[Exercise materials]:
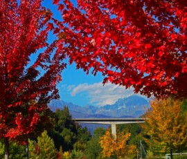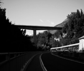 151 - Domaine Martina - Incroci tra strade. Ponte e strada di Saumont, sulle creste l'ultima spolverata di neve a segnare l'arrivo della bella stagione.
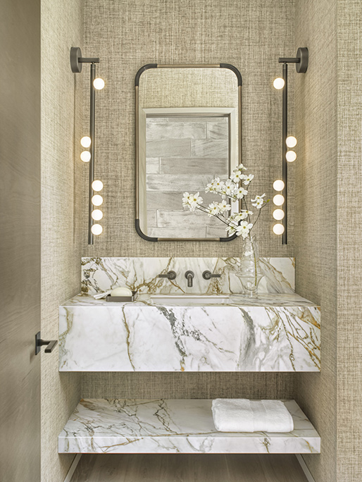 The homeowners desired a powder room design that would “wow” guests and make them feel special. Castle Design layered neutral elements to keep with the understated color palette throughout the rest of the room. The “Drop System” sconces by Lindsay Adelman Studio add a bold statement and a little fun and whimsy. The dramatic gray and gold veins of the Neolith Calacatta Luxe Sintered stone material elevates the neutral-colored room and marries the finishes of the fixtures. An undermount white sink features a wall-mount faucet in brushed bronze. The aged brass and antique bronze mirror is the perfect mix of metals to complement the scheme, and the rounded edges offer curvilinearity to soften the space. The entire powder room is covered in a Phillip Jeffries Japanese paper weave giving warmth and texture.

...

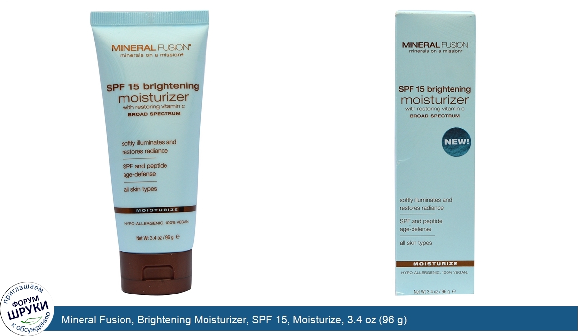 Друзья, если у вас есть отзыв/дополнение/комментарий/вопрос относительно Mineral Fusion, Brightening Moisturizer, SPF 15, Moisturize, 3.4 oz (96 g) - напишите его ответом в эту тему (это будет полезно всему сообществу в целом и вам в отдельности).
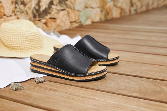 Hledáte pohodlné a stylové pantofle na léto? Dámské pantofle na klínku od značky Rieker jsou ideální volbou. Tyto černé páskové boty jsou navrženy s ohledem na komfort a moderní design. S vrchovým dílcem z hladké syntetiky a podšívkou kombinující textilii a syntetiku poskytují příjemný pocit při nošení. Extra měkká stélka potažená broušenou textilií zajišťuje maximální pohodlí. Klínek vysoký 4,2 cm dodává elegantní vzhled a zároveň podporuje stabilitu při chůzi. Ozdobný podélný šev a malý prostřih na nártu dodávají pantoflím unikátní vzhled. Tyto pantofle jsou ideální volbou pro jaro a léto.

[Action item]:
In the listing above, find the line with "Друзья, если у" and the line with "Hledáte pohodlné a". Output both, plus every line between them, and no pictures.

[Response area]:
 Друзья, если у вас есть отзыв/дополнение/комментарий/вопрос относительно Mineral Fusion, Brightening Moisturizer, SPF 15, Moisturize, 3.4 oz (96 g) - напишите его ответом в эту тему (это будет полезно всему сообществу в целом и вам в отдельности).
 Hledáte pohodlné a stylové pantofle na léto? Dámské pantofle na klínku od značky Rieker jsou ideální volbou. Tyto černé páskové boty jsou navrženy s ohledem na komfort a moderní design. S vrchovým dílcem z hladké syntetiky a podšívkou kombinující textilii a syntetiku poskytují příjemný pocit při nošení. Extra měkká stélka potažená broušenou textilií zajišťuje maximální pohodlí. Klínek vysoký 4,2 cm dodává elegantní vzhled a zároveň podporuje stabilitu při chůzi. Ozdobný podélný šev a malý prostřih na nártu dodávají pantoflím unikátní vzhled. Tyto pantofle jsou ideální volbou pro jaro a léto.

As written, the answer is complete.